Amazon.co.uk Review
Guardian journalist and ex-Lloyd Cole and the Commotions bassist Lawrence Donegan always had a hankering to live in Ireland. "It was a back-to-my-roots thing. London was filthy, crowded, expensive. Above all, it was inhospitable. I had lived in the same ground-floor flat for eight years and I still had yet to pass a civil word with anyone in the street." In
No News at Throat Lake he says goodbye to all that and exchanges flat, job and girlfriend for a shack in Creeslough, County Donegal.

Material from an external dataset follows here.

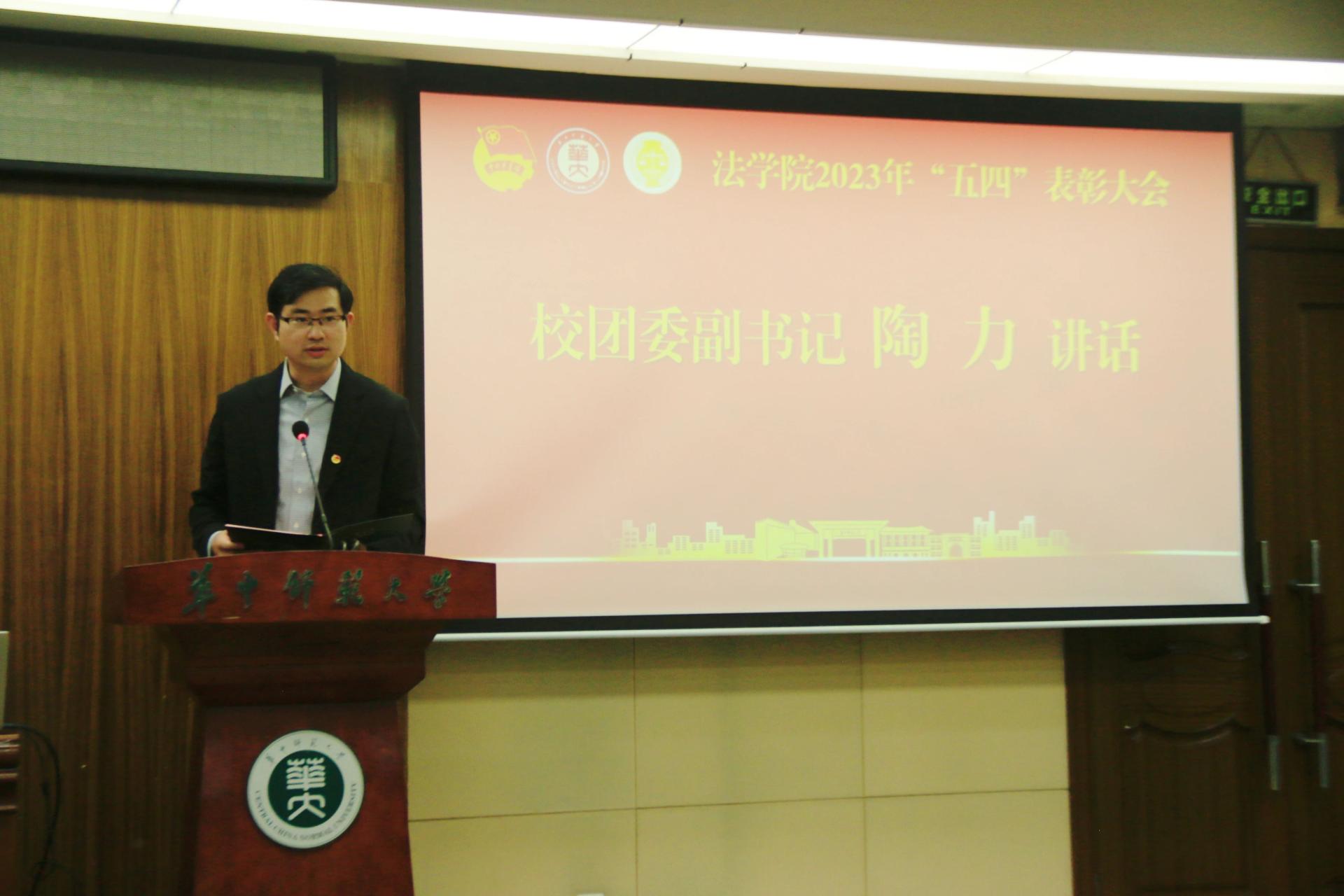 陶力代表校团委向法学院团委在2022年度取得的优秀成绩和丰硕成果表示祝贺,并向学院团委、团学干部和青年团员们提出希望。他表示,法学院广大青年团员要在学院党委的坚强领导下,志存高远,脚踏实地,在建设教师教育领先的世界一流大学征程上和实现社会主义现代化国家的宏伟蓝图中贡献青春力量。

It's no Year in Provence . The shack is rat-infested, the promised job on a farm proves non-existent and there's scant social-life. But Donegan perseveres (partly because he's too ashamed to tell his girlfriend he couldn't hack it) so finds a job on the Tirconail Tribune and mates on the local Gaelic football team. The newspaper, run by a man named John Mcteer ("In another life John McTeer had been Gore Vidal with stronger opinions, Henry Ford with ambition"), revitalises Donegan's enthusiasm for news reporting, as he investigates local life. He goes on a pilgrimage to the shrine at Knock, researches the life of Doris Duke's Creeslough-born butler and, surprisingly, interviews Meryl Streep in this funny and poignant tale of life in rural Ireland. --Tamsin Todd
Synopsis
This text presents a Guardian journalist's account of his year working on the Tirconail Tribune - only 12 pages long, with a circulation of 2500. Serving the people of the Donegal coast, the paper is published in the small coastal town of Creeslough, and it is here that Donegan lived during 1998. The town had a grocer's shop, a hardware store, one solitary pub and a pitch and putt course.